CHAPTER XVIII
Meanwhile the months slipped by, the south-east trade blew itself out, the monsoon had begun to breathe, and Jerry added to himself six months of time, weight, stature, and thickness of bone. An easy time his half-year with the blind man had been, despite the fact that Nalasu was a rigid disciplinarian who insisted on training Jerry for longer hours, day in and day out, than falls to the lot of most dogs. Never did Jerry receive from him a blow, never a harsh word. This man, who had slain four of the Annos, three of them after he had gone blind, who had slain still more men in his savage youth, never raised his voice in anger to Jerry and ruled him by nothing severer than the gentlest of chidings.
Mentally, the persistent education Jerry received, in this period of late puppyhood, fixed in him increased brain power for all his life. Possibly no dog in all the world had ever been so vocal as he, and for three reasons: his own intelligence, the genius for teaching that was Nalasu’s, and the long hours devoted to the teaching.

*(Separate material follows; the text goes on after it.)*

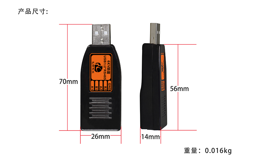 工業(yè)級(jí) 6KV防雷型 USB轉(zhuǎn)2路高速RS485轉(zhuǎn)換器
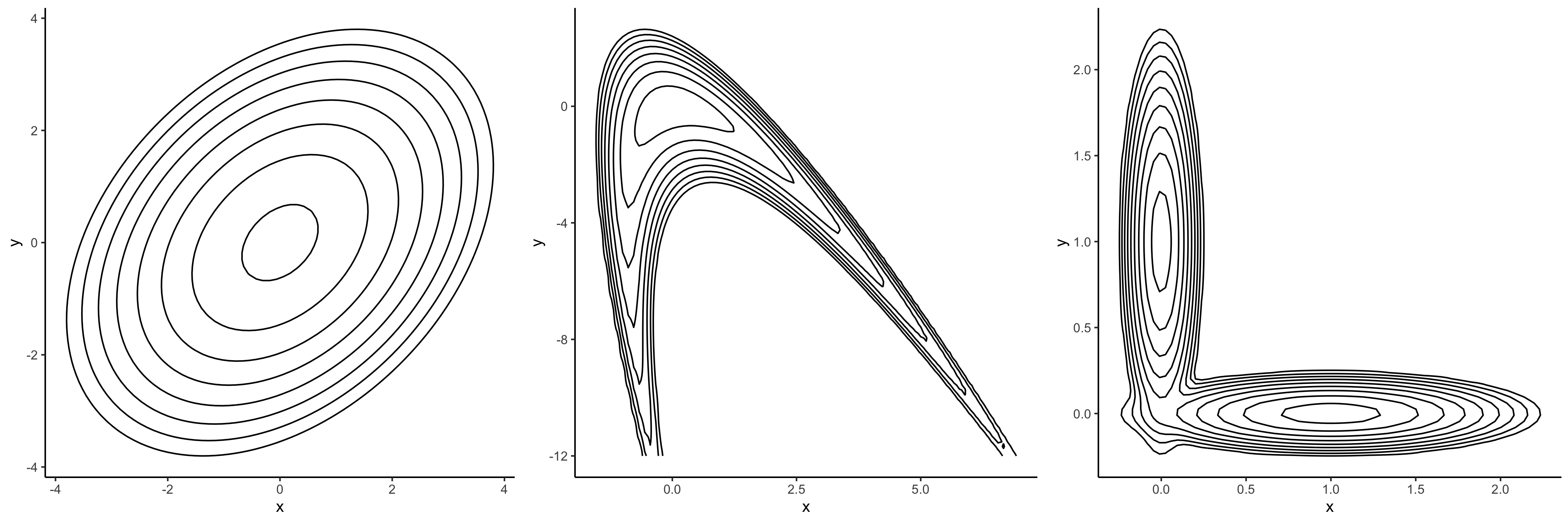 Secondly, we must apply a small gradient outside the prior sample bounding box (smallest hypercuboid containing all prior draws), in order to guide the sampler back to the region of highest density. I do this by mixing 0.98 times the kudzu density with 0.02 times a multivariate normal density, centred on the approximate mode and with standard deviation twice that of the largest principal component standard deviation.

His shorthand vocabulary, for a dog, was prodigious. Almost might it be said that he and the man could talk by the hour, although few and simple were the abstractions they could talk; very little of the immediate concrete past, and scarcely anything of the immediate concrete future, entered into their conversations. Jerry could no more tell him of Meringe, nor of the Arangi, than could he tell him of the great love he had borne Skipper, or of his reason for hating Bashti. By the same token, Nalasu could not tell Jerry of the blood-feud with the Annos, nor of how he had lost his eyesight.
Practically all their conversation was confined to the instant present, although they could compass a little of the very immediate past. Nalasu would give Jerry a series of instructions, such as, going on a scout by himself, to go to the nest, then circle about it widely, to continue to the other clearing where were the fruit trees, to cross the jungle to the main path, to proceed down the main path toward the village till he came to the great banyan tree, and then to return along the small path to Nalasu and Nalasu’s house. All of which Jerry would carry out to the letter, and, arrived back, would make report. As, thus: at the nest nothing unusual save that a buzzard was near it; in the other clearing three coconuts had fallen to the ground—for Jerry could count unerringly up to five; between the other clearing and the main path were four pigs; along the main path he had passed a dog, more than five women, and two children; and on the small path home he had noted a cockatoo and two boys.
But he could not tell Nalasu his states of mind and heart that prevented him from being fully contented in his present situation. For Nalasu was not a white-god, but only a mere nigger god. And Jerry hated and despised all niggers save for the two exceptions of Lamai and Nalasu. He tolerated them, and, for Nalasu, had even developed a placid and sweet affection. Love him he did not and could not.